For the 13 caffeine synthase (TCS) genes involved in caffeine synthesis, TEA015791 and TEA028050 exhibited very high expression level in all experimental materials (FPKM > 700), while two common DEGs (TEA010054 and TEA022559) were highly expressed in Kucha (Fig. 5B and Table S5). Although most of the five genes encoding S-adenosylmethionine synthetase (SAMS) in the methyl donor synthesis exhibited diverse expression patterns, none was classified as common DEGs (Fig 5C and Table S5).
In the case of the conversion of caffeine to theacrine, genes related to enzymes of oxidoreductase (OR) and methyltransferase (MT) might be bottlenecks, and it would require up-regulated in high theacrine content genotypes. Thus, we focused on common DEGs encoding the enzymes mentioned above. The data showed that 44 genes annotated as OR, of which 20 genes were highly expressed in Kucha (Fig. 5D and Table S6). Meanwhile, a total of 21 genes annotated as MTs were identified and seven of them showed enhanced expression levels in Kucha (Fig 5E and Table S7). Furthermore, four of the above-mentioned up-regulated MTs were grouped into N-methyltransferase (TEA009098, TEA010054, TEA022559, XLOC_035717), two into O-methyltransferase (TEA030958, XLOC_047820) and one into C-methyltransferase (TEA023802).

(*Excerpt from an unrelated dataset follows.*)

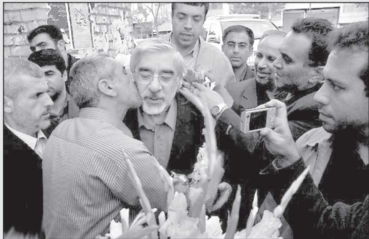
میرحسین موسوی: بابا من گفتم اصلاح طلب هستم ولی نه جلوی مردم!

- خب من چکار باید بکنم؟ - تنها کاری که باید بکنید این است که به یکی از دهات و قصبه‌های کوچک ایران نقل مکان کنید! - بله؟ - این پول عیدی برای دهاتیان نقاط محروم است. شما باید از تهران بروید و مدتی در دهات اقامت کنید. - برو آقا! - پول بدی نیست. از دود و ترافیک هم مدتی دور می‌شوید. شاید هم خوششان آمد و ماندگار شدید. - من برم دهات زندگی کنم که ۶۰ هزار تومان بگیرم بیاد؟ اگر ۶ میلیون یا ۶۰ میلیون بود یک حرفی. با ۶۰ هزار تومان دو کیلو گوجه هم به آدم نمی‌دهند. - خیلی خوب چونه زنید. با ۸۰ هزار تومان موافقید؟ در ضمن حرف سیاسی زنید. - برو آقا دلش خوشه! - اگر موافقت کنید می‌تونم ترتیبی بدهم که بقیه در صفحه ۳۳

Validation of gene expression using qRT-PCR
To validate the quantification of the RNA-seq analysis in this study, eight genes including one IMPDH gene (TEA024175), three TCS genes (TEA010054, TEA022559 and TEA030024), two MT genes (TEA023802 and XLOC_047820) and two OR genes (TEA007843 and XLOC_026296) were selected for RT-qPCR analysis. As shown in Fig. 6, all the genes, except for TEA007843, shown a similar expression pattern in qRT-PCR analysis as obtained in the RNA-seq results, indicating the reliability of our RNA-seq data.